Better yet, the company is also committed to a more focused capital plan. Roughly half of capital expenditures are taking place in Nevada, a geography the company is very familiar with.
But the gold price could fall further…
Predicting where the gold price (currently trading at roughly US$1,200 per ounce) will be in a year is virtually impossible. But there are reasons to believe the price could fall further.
For one, low oil prices are putting a lid on inflation. Remember, the fear of inflation is one of the main motivations for buying gold, so if the oil slump continues, then gold could lose its appeal as an investment. Low oil prices are also a positive for the American economy and American dollar, both of which put further downward pressure on gold.
Even if inflation ticks up, the Federal Reserve could easily step in with looser monetary policy. In other words, interest rate hikes are on the horizon.
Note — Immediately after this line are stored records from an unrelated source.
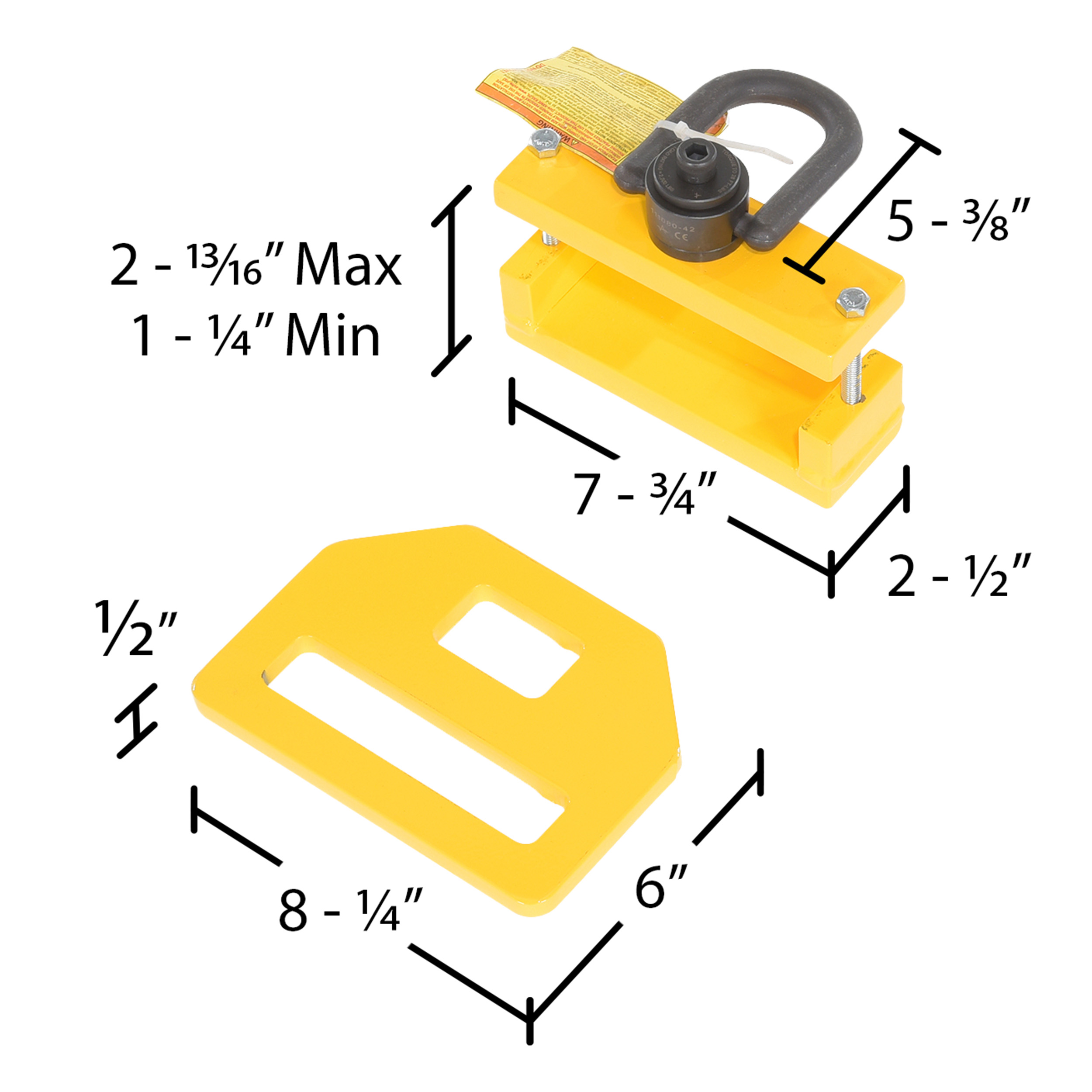 | Eye Bracket Fork Opening Width/Height (in.): 6-1/4 x 1-1/4 | Eye Bracket Lift Opening Width/Height (in.): 2-1/2 x 1-1/2 | Eye Bracket Thickness (in.): 1/2 |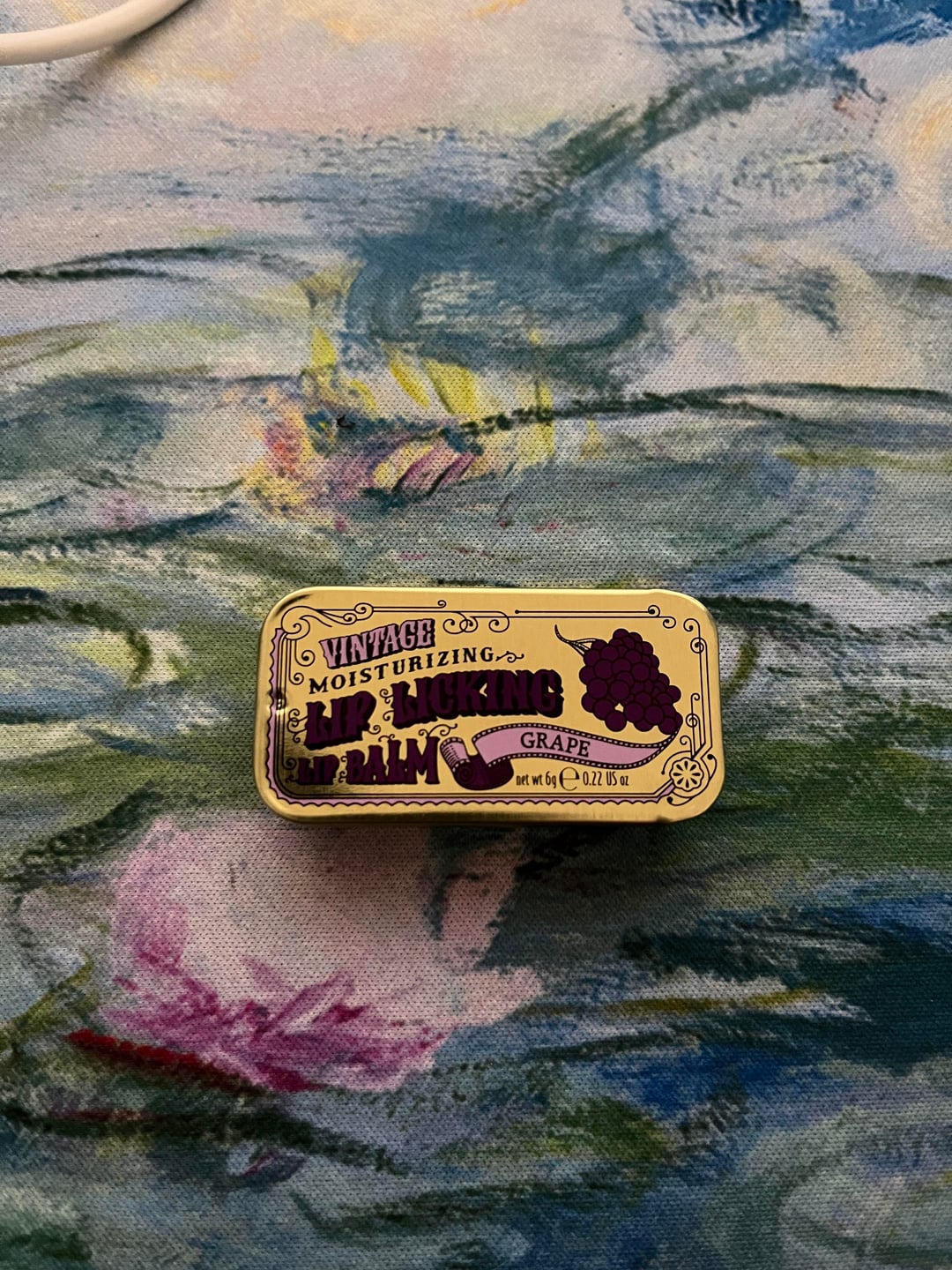 I guess the brand is vintage moisturizing lip licking lip balm in the grape flavor lol. Prob had this for 7 ish months w very minimal consistent usage I’m actually shocked this has pan but maybe because its not a stick ! by puestadelsol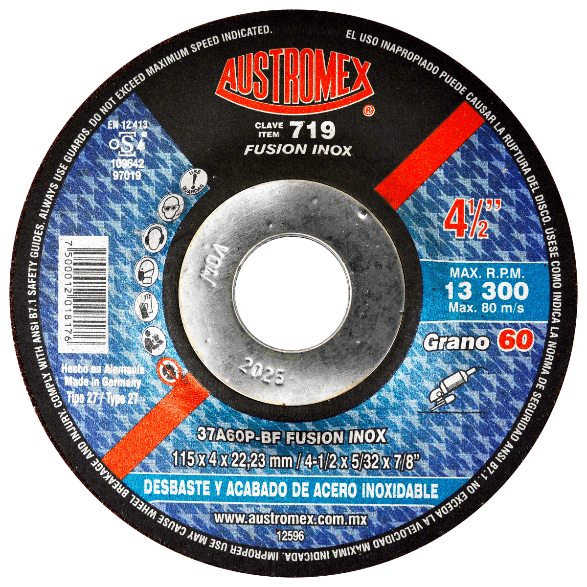 719 27 37A60P-BF FUSION INOX 4-1/2 x 5/32 x 7/8 AUSTROMEX Disco con centro deprimido para desbaste de acero inoxidable grano 60 Esmeriladora Angular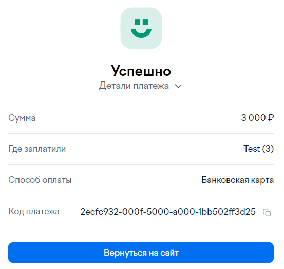 После успешной оплаты отобразится соответствующее сообщение. Для возвращения на сайт ЛК ОФД нажмите кнопку Вернуться на сайт: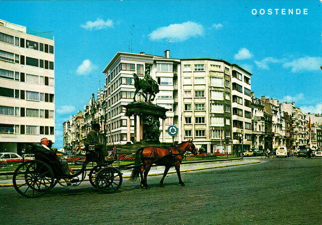 Van Mieghem A., N° 78. - Oostende - Leopold I plein. Place Léopold 1er. Square Leopold I. Leopold I Platz. - Het Leopold I-plein en het Leopold I monument. Rechts, de Van Iseghemlaan en in het midden, de Kemmelbergstraat…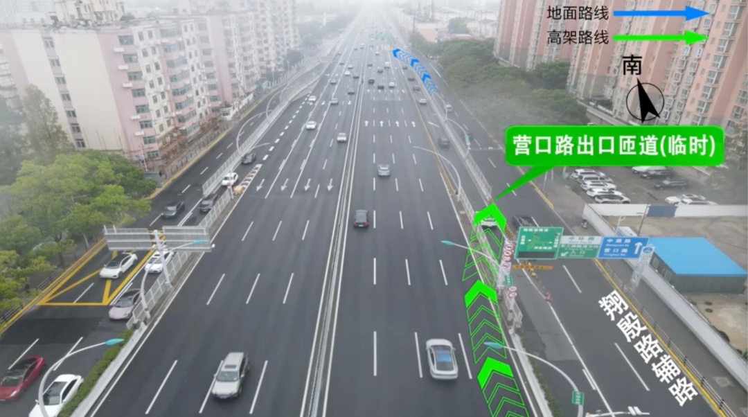 为了弥补中环民星路下匝道的功能,施工期间将对中环国和路出口、周家嘴路出口、黄兴路出口、翔殷路隧道浦西出口以及部分地面路口进行扩容改造。同时,为了减少民星路下匝道封闭带来的不利影响,将在中环内圈临时增设营口路出口匝道。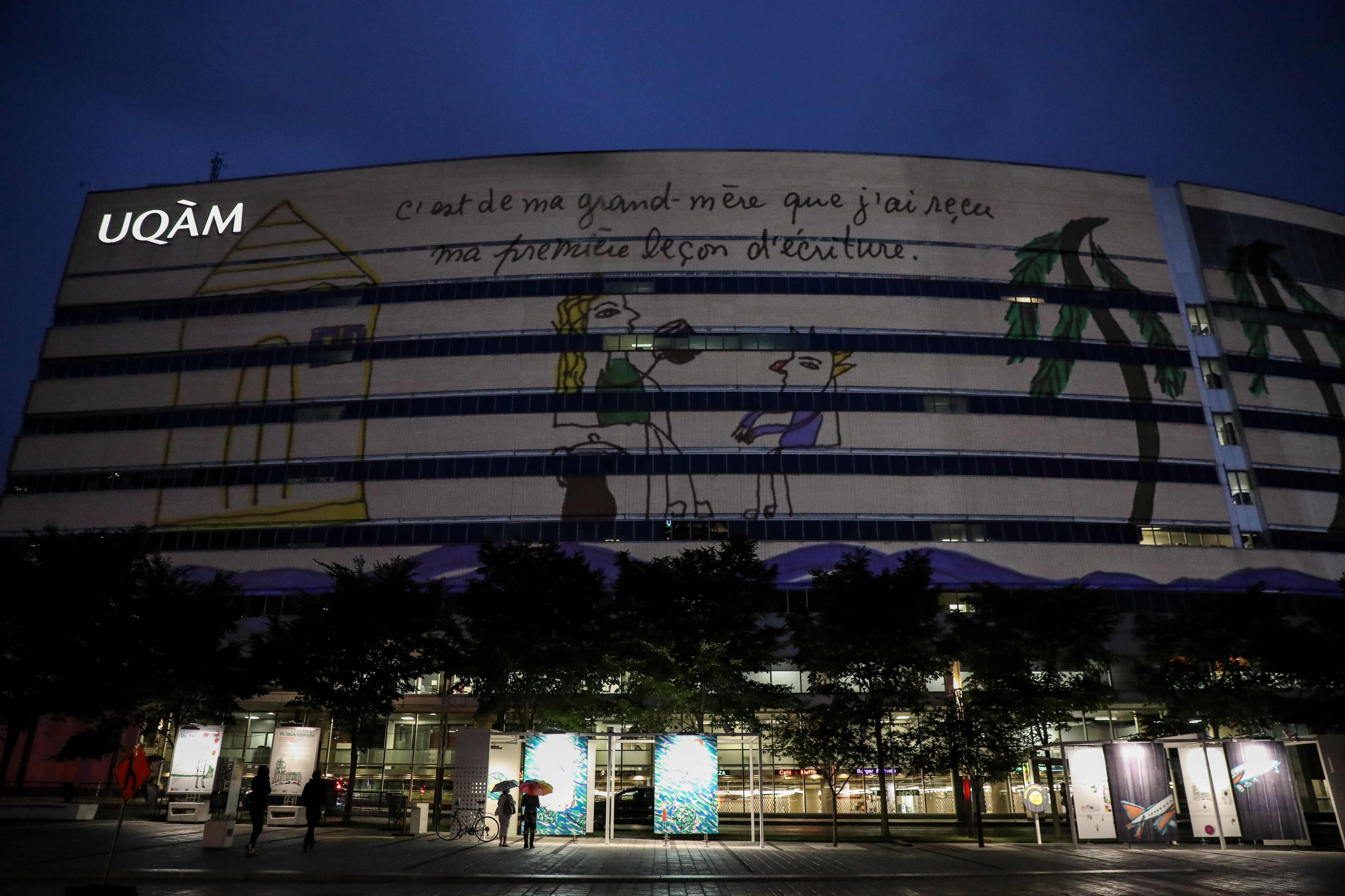 Voilà déjà 35 ans que Dany Laferrière nous partage avec sa plume colorée et parfumée des facettes de sa vie, de Petit-Goâve à Paris en passant bien sûr par Montréal. Pour souligner cet anniversaire professionnel, le commissaire Félix Dagenais a sélectionné près d’une cinquantaine de pages tirées de ses trois romans dessinés. Exposées sur des panneaux géants, elles relatent la vie et l’œuvre – l’un ne va pas sans l’autre! – de l’académicien. Du mercredi au dimanche en soirée, s’ajoute au parcours la projection architecturale animée L’exil vaut le voyage sur la façade du pavillon Président-Kennedy de l’UQAM.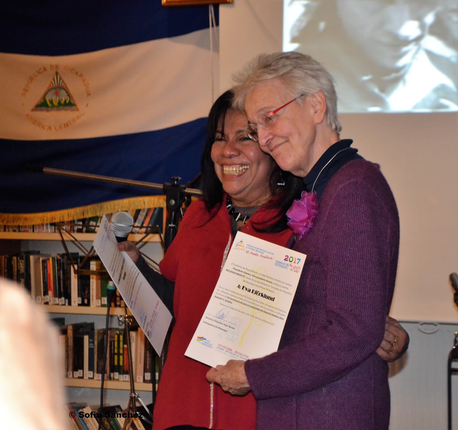 Esta actividad estuvo llena de reconocimientos a compañeros y compañeras suecas, latinos y nicas que han mantenido encendida la llama de la solidaridad por nuestra patria, hubo mucha euforia cuando se nombró a dos ciudadanos suecos que estaban presentes y son referente de la solidaridad con nuestra patria así como con los pueblos de Nuestramérica, Eva Björklund e Ingvar Enghardt, ambos recibieron largos y sostenidos aplausos.
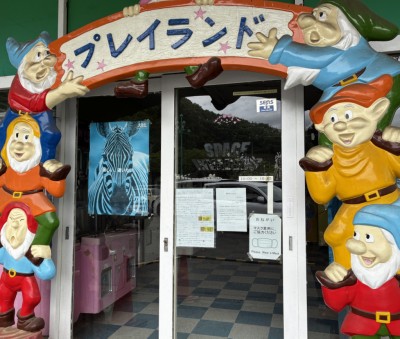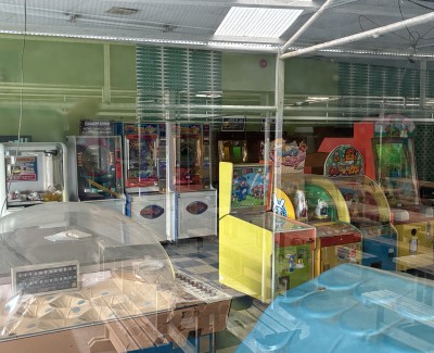 こちらも休業中だがゲームセンターの出で立ちもなかなか。木彫りの完全手作りなんだよね。「SPACE INVADERS」ってことは70年代からこのままなのか。

This would spell yet more troublefor the gold price.
Of note, Goldman Sachs has said that gold prices could fall to US$1,000 per ounce. The bank is not alone in that belief.
Barrick is not prepared for a lower gold price
So what would US$1,000 gold mean for Barrick? Well, the prognosis isn’t good.
As mentioned, the company is able to produce gold for roughly US$900 per ounce. If the price falls to US$1,000, then that’s only US$100 of profit per ounce of production. Based on just over 6 million ounces of production in 2014, that’s just over $600 million in cash flow. And that’s not enough to cover $800 million per year of financing charges.
Granted, gold could move in the other direction. One big factor will be the Greek election on January 25 – if the opposition Syriza party wins, then the country will likely exit the Euro zone. And if that happens, wider economic stability could follow, prompting gold to rise.
But the risk of gold declining further is too great to ignore. Thus Barrick shares should be avoided.